[Provided records]:
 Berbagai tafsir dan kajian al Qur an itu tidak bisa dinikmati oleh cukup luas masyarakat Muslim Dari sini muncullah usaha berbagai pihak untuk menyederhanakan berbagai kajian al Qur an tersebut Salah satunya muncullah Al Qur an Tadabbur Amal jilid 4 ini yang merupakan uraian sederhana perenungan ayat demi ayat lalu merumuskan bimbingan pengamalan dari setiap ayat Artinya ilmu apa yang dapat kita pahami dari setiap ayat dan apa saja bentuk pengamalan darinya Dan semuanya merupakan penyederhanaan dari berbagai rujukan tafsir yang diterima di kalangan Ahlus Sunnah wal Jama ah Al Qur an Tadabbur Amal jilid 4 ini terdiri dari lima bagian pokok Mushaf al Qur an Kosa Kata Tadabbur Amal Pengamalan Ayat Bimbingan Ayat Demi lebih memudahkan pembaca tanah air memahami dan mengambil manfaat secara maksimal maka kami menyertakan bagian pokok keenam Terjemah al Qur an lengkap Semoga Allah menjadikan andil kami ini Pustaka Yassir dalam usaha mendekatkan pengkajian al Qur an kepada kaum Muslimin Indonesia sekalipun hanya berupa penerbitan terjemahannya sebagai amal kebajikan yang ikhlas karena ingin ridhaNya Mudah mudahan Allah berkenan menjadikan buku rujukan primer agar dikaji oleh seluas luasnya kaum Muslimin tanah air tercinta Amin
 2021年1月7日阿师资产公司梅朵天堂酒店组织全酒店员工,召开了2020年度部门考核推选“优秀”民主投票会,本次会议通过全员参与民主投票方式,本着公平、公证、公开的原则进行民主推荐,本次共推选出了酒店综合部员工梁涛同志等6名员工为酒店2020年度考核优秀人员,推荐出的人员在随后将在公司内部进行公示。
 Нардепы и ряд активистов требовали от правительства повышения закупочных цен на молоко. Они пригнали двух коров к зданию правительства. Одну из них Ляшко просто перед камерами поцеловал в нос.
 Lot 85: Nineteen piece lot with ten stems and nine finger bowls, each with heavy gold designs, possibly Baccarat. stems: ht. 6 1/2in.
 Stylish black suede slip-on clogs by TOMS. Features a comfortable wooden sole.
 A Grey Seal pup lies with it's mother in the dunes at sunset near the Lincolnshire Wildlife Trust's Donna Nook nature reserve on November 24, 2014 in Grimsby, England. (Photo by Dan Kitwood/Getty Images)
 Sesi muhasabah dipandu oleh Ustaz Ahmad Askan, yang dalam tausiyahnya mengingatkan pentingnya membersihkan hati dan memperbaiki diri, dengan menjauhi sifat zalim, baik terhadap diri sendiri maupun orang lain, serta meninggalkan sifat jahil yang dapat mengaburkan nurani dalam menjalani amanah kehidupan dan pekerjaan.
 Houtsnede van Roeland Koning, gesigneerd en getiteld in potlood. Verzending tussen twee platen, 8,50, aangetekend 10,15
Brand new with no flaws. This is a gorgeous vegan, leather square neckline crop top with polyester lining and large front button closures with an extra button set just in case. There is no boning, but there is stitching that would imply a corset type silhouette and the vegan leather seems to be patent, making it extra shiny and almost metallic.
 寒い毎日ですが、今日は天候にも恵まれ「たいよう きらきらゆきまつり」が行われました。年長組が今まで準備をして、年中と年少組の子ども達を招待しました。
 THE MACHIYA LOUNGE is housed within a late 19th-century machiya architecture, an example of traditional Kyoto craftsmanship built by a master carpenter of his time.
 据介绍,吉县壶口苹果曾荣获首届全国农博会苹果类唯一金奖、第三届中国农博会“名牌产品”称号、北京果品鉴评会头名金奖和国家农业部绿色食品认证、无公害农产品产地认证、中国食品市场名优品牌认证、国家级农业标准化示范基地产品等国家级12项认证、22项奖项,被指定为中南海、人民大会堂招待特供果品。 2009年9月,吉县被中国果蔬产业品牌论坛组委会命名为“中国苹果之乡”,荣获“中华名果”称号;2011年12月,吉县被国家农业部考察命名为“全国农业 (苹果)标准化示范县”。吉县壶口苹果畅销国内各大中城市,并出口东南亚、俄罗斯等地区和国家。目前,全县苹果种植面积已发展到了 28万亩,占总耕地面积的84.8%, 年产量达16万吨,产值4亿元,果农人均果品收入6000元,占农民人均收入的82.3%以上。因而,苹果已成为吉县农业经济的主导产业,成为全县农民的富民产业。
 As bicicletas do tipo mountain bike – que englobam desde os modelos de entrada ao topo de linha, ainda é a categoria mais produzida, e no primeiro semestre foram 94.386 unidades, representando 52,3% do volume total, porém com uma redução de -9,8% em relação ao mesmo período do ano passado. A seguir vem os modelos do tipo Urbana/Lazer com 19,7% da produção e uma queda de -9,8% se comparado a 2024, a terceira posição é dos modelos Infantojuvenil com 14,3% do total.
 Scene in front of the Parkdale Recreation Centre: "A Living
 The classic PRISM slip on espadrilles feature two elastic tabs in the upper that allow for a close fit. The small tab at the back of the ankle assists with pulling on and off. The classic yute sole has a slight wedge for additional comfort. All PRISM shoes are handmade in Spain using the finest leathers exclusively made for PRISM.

[Exercise details]: Look above for the line with "Нардепы и ряд" and the line with "A Grey Seal"; transcribe both and all lines in between, exactly, and nothing else.

[Answer below]:
 Нардепы и ряд активистов требовали от правительства повышения закупочных цен на молоко. Они пригнали двух коров к зданию правительства. Одну из них Ляшко просто перед камерами поцеловал в нос.
 Lot 85: Nineteen piece lot with ten stems and nine finger bowls, each with heavy gold designs, possibly Baccarat. stems: ht. 6 1/2in.
 Stylish black suede slip-on clogs by TOMS. Features a comfortable wooden sole.
 A Grey Seal pup lies with it's mother in the dunes at sunset near the Lincolnshire Wildlife Trust's Donna Nook nature reserve on November 24, 2014 in Grimsby, England. (Photo by Dan Kitwood/Getty Images)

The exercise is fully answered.